START INPUT RECORDS
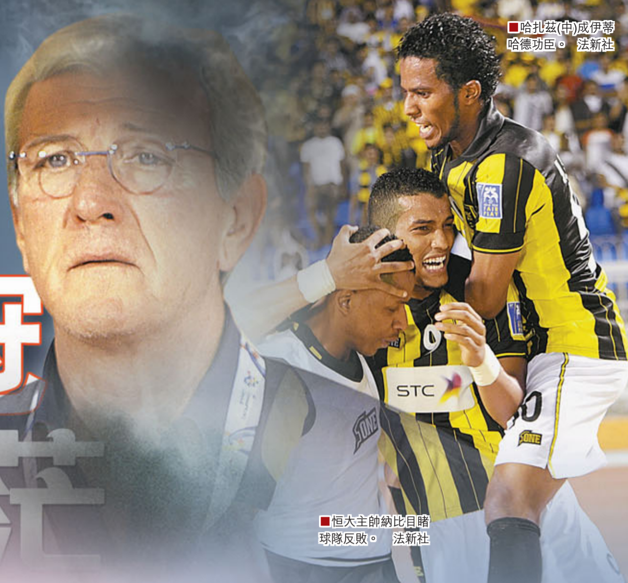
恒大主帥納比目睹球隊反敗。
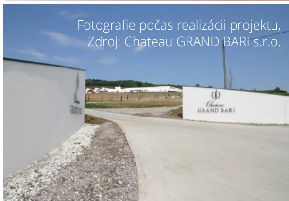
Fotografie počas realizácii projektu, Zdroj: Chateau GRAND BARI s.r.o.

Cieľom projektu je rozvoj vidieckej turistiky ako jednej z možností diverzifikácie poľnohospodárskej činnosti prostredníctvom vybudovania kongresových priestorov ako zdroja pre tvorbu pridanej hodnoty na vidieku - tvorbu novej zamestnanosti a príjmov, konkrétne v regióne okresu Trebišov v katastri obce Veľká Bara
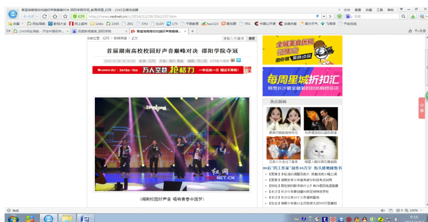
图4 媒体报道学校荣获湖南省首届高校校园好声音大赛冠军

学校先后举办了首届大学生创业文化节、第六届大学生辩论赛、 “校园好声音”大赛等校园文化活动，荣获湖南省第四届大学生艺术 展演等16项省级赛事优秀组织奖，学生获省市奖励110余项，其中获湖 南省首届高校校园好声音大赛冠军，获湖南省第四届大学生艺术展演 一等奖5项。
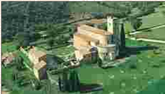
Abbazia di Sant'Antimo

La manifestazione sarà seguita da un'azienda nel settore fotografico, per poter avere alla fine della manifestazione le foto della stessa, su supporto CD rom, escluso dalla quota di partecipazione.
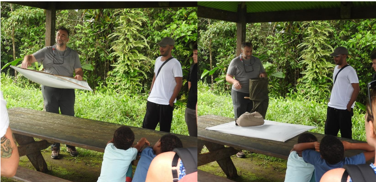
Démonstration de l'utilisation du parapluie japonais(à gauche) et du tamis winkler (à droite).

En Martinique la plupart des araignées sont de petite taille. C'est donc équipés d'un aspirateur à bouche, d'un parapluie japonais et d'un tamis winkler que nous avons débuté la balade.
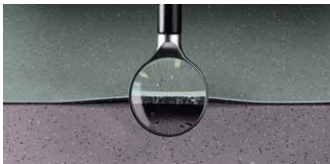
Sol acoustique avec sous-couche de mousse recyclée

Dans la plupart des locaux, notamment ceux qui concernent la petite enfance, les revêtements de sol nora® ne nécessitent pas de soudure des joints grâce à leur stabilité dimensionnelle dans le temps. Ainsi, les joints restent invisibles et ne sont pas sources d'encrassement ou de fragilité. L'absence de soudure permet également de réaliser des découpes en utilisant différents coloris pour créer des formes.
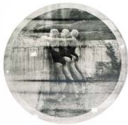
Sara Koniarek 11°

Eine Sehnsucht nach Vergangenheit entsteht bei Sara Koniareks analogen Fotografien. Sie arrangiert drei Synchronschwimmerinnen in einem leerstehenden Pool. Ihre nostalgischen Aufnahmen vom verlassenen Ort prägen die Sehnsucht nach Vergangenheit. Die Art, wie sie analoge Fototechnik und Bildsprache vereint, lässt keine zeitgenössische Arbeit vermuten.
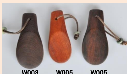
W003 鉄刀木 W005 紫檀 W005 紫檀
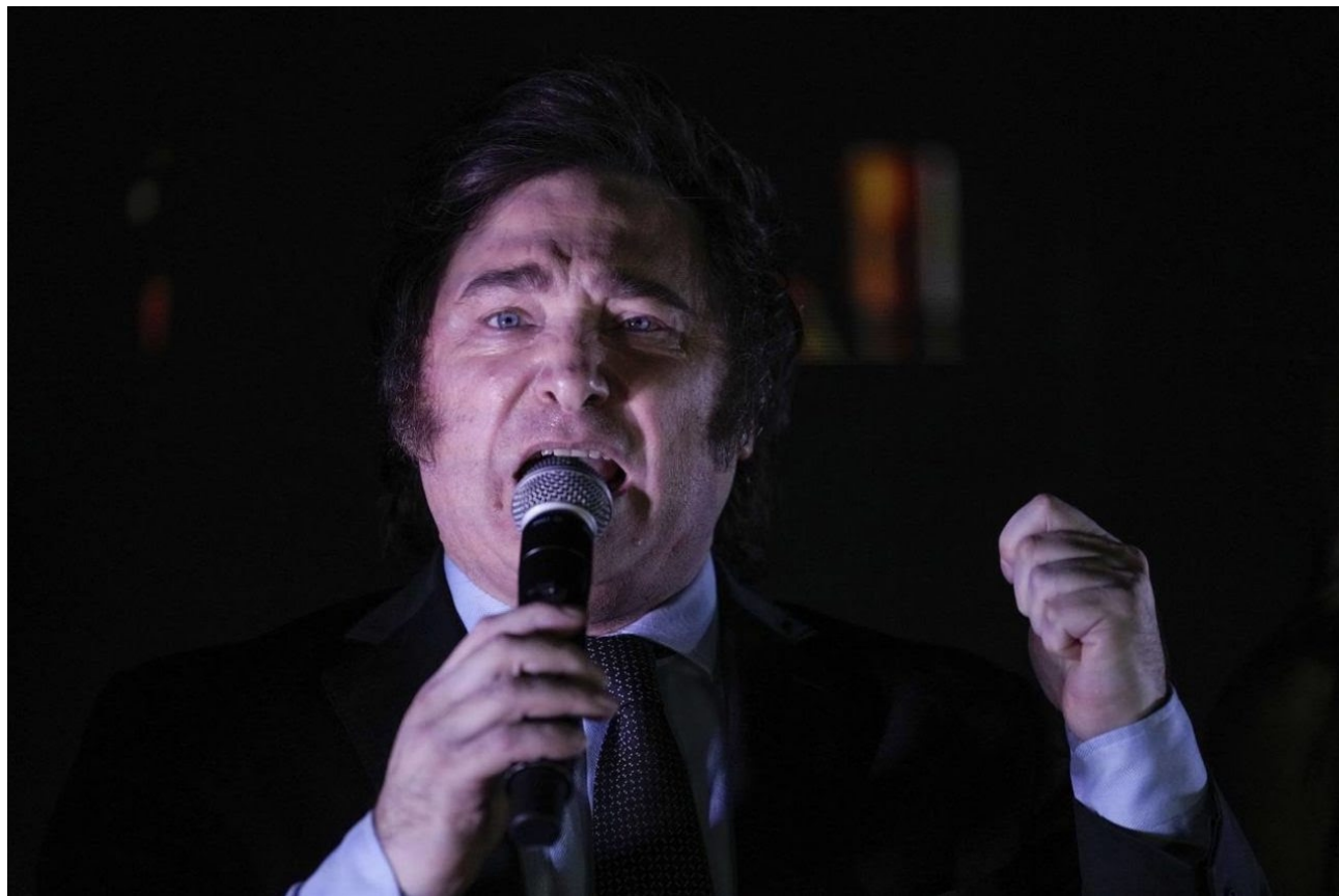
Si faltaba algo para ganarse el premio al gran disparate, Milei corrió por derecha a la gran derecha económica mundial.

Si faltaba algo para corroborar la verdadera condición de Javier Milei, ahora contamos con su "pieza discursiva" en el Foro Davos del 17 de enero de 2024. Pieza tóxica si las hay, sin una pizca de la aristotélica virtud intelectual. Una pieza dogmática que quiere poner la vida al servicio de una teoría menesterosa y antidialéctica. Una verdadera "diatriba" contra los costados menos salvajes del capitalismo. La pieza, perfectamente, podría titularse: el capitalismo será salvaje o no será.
END INPUT RECORDS
INSTRUCTIONS FOR THE TASK: An exact copy of the lines above, from the first through the line that holds "Sara Koniarek 11°", is what is needed; leave the pictures out.

EXERCISE OUTPUT:
恒大主帥納比目睹球隊反敗。
Fotografie počas realizácii projektu, Zdroj: Chateau GRAND BARI s.r.o.

Cieľom projektu je rozvoj vidieckej turistiky ako jednej z možností diverzifikácie poľnohospodárskej činnosti prostredníctvom vybudovania kongresových priestorov ako zdroja pre tvorbu pridanej hodnoty na vidieku - tvorbu novej zamestnanosti a príjmov, konkrétne v regióne okresu Trebišov v katastri obce Veľká Bara
图4 媒体报道学校荣获湖南省首届高校校园好声音大赛冠军

学校先后举办了首届大学生创业文化节、第六届大学生辩论赛、 “校园好声音”大赛等校园文化活动，荣获湖南省第四届大学生艺术 展演等16项省级赛事优秀组织奖，学生获省市奖励110余项，其中获湖 南省首届高校校园好声音大赛冠军，获湖南省第四届大学生艺术展演 一等奖5项。
Abbazia di Sant'Antimo

La manifestazione sarà seguita da un'azienda nel settore fotografico, per poter avere alla fine della manifestazione le foto della stessa, su supporto CD rom, escluso dalla quota di partecipazione.
Démonstration de l'utilisation du parapluie japonais(à gauche) et du tamis winkler (à droite).

En Martinique la plupart des araignées sont de petite taille. C'est donc équipés d'un aspirateur à bouche, d'un parapluie japonais et d'un tamis winkler que nous avons débuté la balade.
Sol acoustique avec sous-couche de mousse recyclée

Dans la plupart des locaux, notamment ceux qui concernent la petite enfance, les revêtements de sol nora® ne nécessitent pas de soudure des joints grâce à leur stabilité dimensionnelle dans le temps. Ainsi, les joints restent invisibles et ne sont pas sources d'encrassement ou de fragilité. L'absence de soudure permet également de réaliser des découpes en utilisant différents coloris pour créer des formes.
Sara Koniarek 11°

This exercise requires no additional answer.